**THE TASK:**
Starting at the line below with "Для этого рецепта" and stopping at the line with "Πρόκειται για μια", please print each line exactly, those two included, and skip every picture.

**EXTRACTED MATERIAL:**
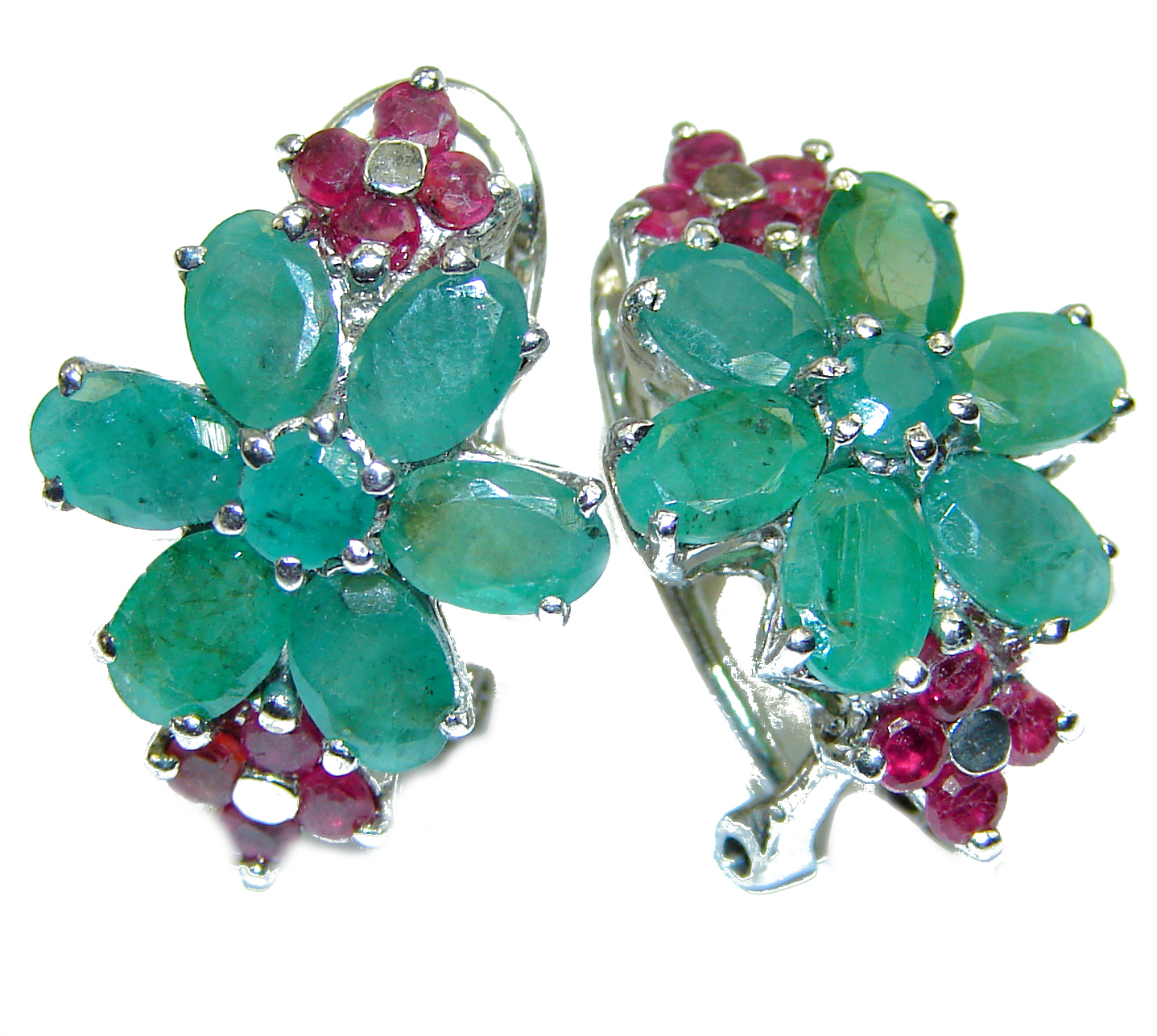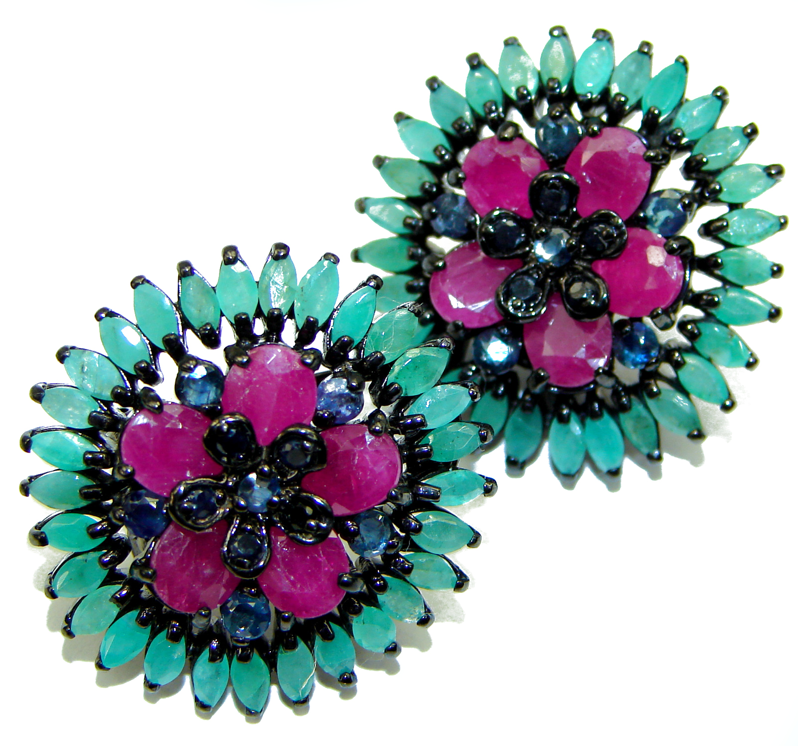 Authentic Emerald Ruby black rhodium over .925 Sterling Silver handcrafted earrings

---

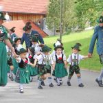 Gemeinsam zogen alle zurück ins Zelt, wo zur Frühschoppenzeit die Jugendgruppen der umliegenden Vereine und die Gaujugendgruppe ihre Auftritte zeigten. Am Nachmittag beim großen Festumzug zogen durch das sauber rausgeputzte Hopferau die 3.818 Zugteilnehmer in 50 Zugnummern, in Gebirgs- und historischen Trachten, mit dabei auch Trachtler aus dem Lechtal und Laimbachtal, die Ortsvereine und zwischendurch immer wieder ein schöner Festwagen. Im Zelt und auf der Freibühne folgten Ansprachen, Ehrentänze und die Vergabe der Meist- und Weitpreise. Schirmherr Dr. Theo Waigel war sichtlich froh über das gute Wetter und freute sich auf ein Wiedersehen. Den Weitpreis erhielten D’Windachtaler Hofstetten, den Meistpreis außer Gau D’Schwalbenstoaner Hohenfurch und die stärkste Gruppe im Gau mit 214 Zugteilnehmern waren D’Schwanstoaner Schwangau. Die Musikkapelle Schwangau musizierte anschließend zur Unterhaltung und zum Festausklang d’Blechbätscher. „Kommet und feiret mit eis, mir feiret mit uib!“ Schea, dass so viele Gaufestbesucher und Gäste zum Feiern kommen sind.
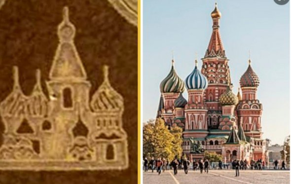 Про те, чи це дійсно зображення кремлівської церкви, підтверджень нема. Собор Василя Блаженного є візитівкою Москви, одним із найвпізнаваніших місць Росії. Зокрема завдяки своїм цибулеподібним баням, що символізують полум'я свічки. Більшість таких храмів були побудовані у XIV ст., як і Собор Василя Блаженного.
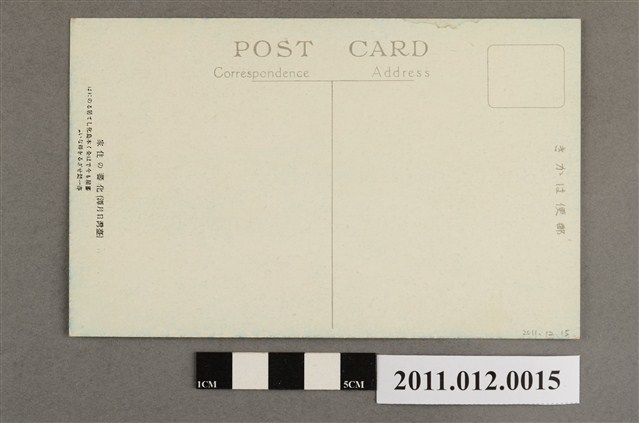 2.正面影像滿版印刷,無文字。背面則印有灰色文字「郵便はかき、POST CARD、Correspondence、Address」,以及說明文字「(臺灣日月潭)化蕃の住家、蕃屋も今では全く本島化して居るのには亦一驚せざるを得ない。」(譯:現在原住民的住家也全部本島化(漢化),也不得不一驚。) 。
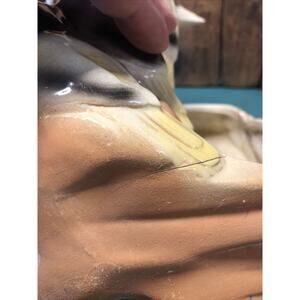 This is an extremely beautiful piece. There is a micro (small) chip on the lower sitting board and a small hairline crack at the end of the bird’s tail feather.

* * *

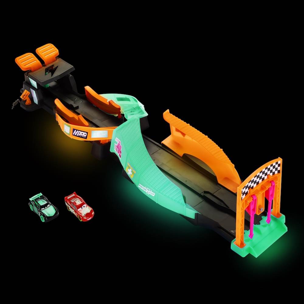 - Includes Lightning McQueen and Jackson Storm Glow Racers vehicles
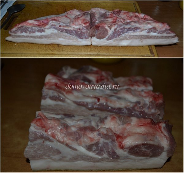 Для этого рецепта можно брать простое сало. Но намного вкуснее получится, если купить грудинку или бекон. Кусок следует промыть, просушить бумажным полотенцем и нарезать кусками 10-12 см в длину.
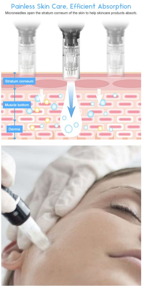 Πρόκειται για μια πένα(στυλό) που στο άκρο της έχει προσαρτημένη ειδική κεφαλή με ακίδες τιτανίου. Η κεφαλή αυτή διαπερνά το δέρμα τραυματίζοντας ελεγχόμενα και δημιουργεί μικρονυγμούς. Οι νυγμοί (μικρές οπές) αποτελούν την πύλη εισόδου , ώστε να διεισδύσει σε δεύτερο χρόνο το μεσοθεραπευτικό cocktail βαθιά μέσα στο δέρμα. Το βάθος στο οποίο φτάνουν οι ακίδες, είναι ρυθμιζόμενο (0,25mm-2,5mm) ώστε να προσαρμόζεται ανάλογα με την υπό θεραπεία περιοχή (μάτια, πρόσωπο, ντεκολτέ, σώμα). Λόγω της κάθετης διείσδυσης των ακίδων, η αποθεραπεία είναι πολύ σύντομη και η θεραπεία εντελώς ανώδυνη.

**EXERCISE ANSWER:**
 Для этого рецепта можно брать простое сало. Но намного вкуснее получится, если купить грудинку или бекон. Кусок следует промыть, просушить бумажным полотенцем и нарезать кусками 10-12 см в длину.
 Πρόκειται για μια πένα(στυλό) που στο άκρο της έχει προσαρτημένη ειδική κεφαλή με ακίδες τιτανίου. Η κεφαλή αυτή διαπερνά το δέρμα τραυματίζοντας ελεγχόμενα και δημιουργεί μικρονυγμούς. Οι νυγμοί (μικρές οπές) αποτελούν την πύλη εισόδου , ώστε να διεισδύσει σε δεύτερο χρόνο το μεσοθεραπευτικό cocktail βαθιά μέσα στο δέρμα. Το βάθος στο οποίο φτάνουν οι ακίδες, είναι ρυθμιζόμενο (0,25mm-2,5mm) ώστε να προσαρμόζεται ανάλογα με την υπό θεραπεία περιοχή (μάτια, πρόσωπο, ντεκολτέ, σώμα). Λόγω της κάθετης διείσδυσης των ακίδων, η αποθεραπεία είναι πολύ σύντομη και η θεραπεία εντελώς ανώδυνη.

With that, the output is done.